Available records:
'''
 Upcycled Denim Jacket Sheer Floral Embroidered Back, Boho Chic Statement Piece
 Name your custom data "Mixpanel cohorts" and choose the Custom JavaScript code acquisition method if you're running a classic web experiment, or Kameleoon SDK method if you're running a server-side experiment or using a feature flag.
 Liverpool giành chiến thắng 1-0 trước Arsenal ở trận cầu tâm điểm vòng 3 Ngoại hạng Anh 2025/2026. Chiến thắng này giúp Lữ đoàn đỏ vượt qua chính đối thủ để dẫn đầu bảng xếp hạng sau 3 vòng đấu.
'''
'''
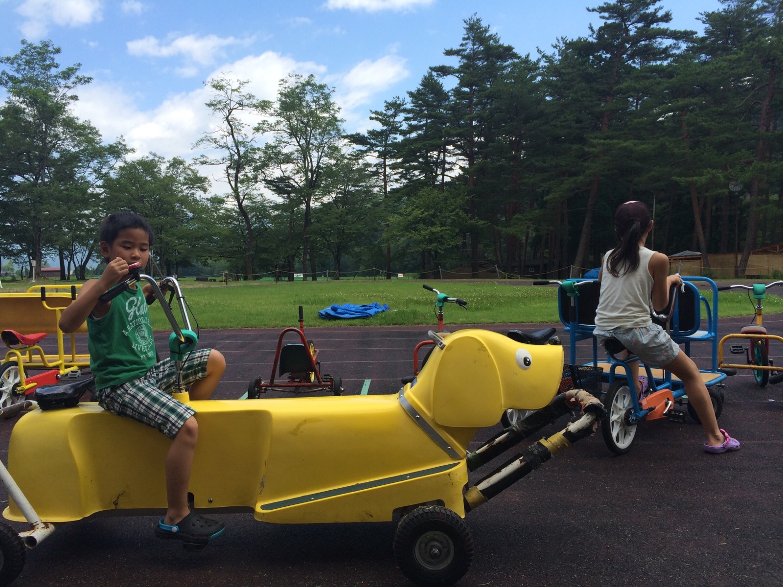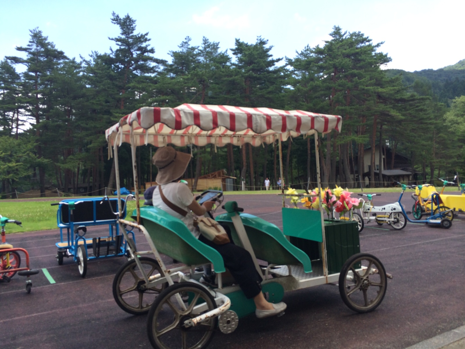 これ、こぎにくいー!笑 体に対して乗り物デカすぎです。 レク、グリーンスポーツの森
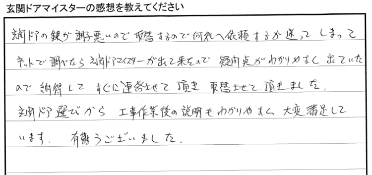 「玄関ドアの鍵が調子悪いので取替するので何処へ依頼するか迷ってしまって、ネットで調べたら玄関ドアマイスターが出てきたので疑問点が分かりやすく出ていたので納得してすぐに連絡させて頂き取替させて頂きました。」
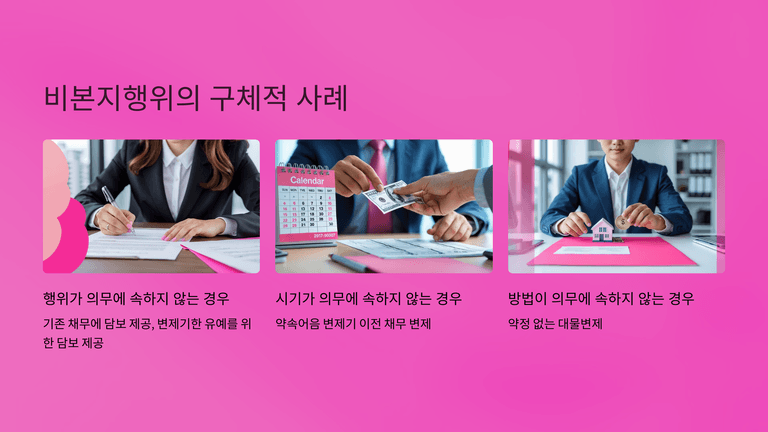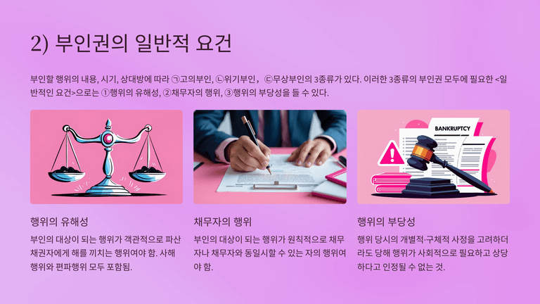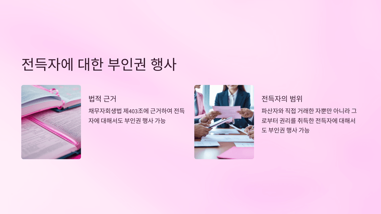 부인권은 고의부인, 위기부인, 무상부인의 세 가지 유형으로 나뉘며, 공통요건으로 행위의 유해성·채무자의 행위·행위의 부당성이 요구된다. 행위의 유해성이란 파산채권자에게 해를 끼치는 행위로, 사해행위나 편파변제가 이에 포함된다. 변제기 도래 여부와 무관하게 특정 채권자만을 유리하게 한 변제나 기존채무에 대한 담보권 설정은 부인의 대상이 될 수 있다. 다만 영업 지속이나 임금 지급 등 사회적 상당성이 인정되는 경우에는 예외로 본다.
'''
In the material above, find the line containing "Upcycled Denim Jacket" and the line containing "Liverpool giành chiến", then write out exactly those two lines and every line between them, and nothing more.

Answer for the task:
 Upcycled Denim Jacket Sheer Floral Embroidered Back, Boho Chic Statement Piece
 Name your custom data "Mixpanel cohorts" and choose the Custom JavaScript code acquisition method if you're running a classic web experiment, or Kameleoon SDK method if you're running a server-side experiment or using a feature flag.
 Liverpool giành chiến thắng 1-0 trước Arsenal ở trận cầu tâm điểm vòng 3 Ngoại hạng Anh 2025/2026. Chiến thắng này giúp Lữ đoàn đỏ vượt qua chính đối thủ để dẫn đầu bảng xếp hạng sau 3 vòng đấu.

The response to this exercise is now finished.